Building A Forest

By Teo Spengler | March 16, 2022
Image by lovelyday12
by Teo Spengler
March 16, 2022

There are a lot of fun and exciting hobbies out there. I’ve tried a number of them over my lifetime, from coin collecting to knitting to motorcycle maintenance. To my mind, they are all in a different category from gardening.

I use the term “gardening” here expansively, to include everything from keeping houseplants or growing strawberries in pots on the porch to sowing five acres of winter wheat. My own experiences with gardening have been on the smaller side, but when I took on the five acres of sloping fields that came with my little house in France to begin building a forest, it was a more massive undertaking. 

Propagating from Seeds

I learned a lot about propagating with seeds in France. My first priority there was renovating the ruins of the cottage into a livable home. The second, which I pursued simultaneously, was getting some trees growing on the property.

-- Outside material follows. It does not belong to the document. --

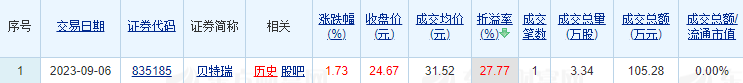 上证报中国证券网讯 据东方财富Choice数据,贝特瑞9月6日大宗交易3.34万股,成交金额105.28万元,成交均价31.52元,溢价率27.77%。
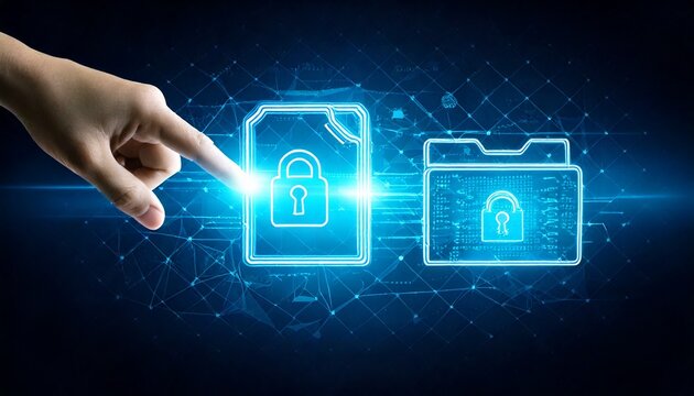 Futuristic cyber lock system with digital network background

The entire mountainside where my little home sits was once filled with beech forests. The industrious Basques cut them all down to make grazing land for their sheep. This happened hundreds of years before I got there, but even today, Basques burn the hillsides every spring to keep down the growth.

That meant that my entire property only had a few tough oaks standing on it. My plan was to buy and plant young seedlings, but that rapidly turned into an expensive and time-consuming plan. I quickly decided to rely less on the garden store and more on mother nature. Every fall I would gather seeds from local trees, acorns from oaks, chestnuts, and seeds from beech and simply strew them about the land. 

It was magical to see them grow into young trees. Now, some 15 years later, I have a forest of native trees on the land and mornings are filled with birdsong. 

Propagating from Cuttings

I also studied propagating from cuttings in France. My most remarkable success was with plane trees. There were many in the center of the town that got cut back each fall. A neighbor told me that if I stuck one of the cut ends into soil, that it would root and form a tree. 

I had nothing to lose so I gave it a try. I selected four cut stems, each about 2 feet (61 cm.) tall, and thrust them into soil. The next spring, three of them leafed out. The fourth followed in a year two. All four of those trees are still on the land standing tall and proud.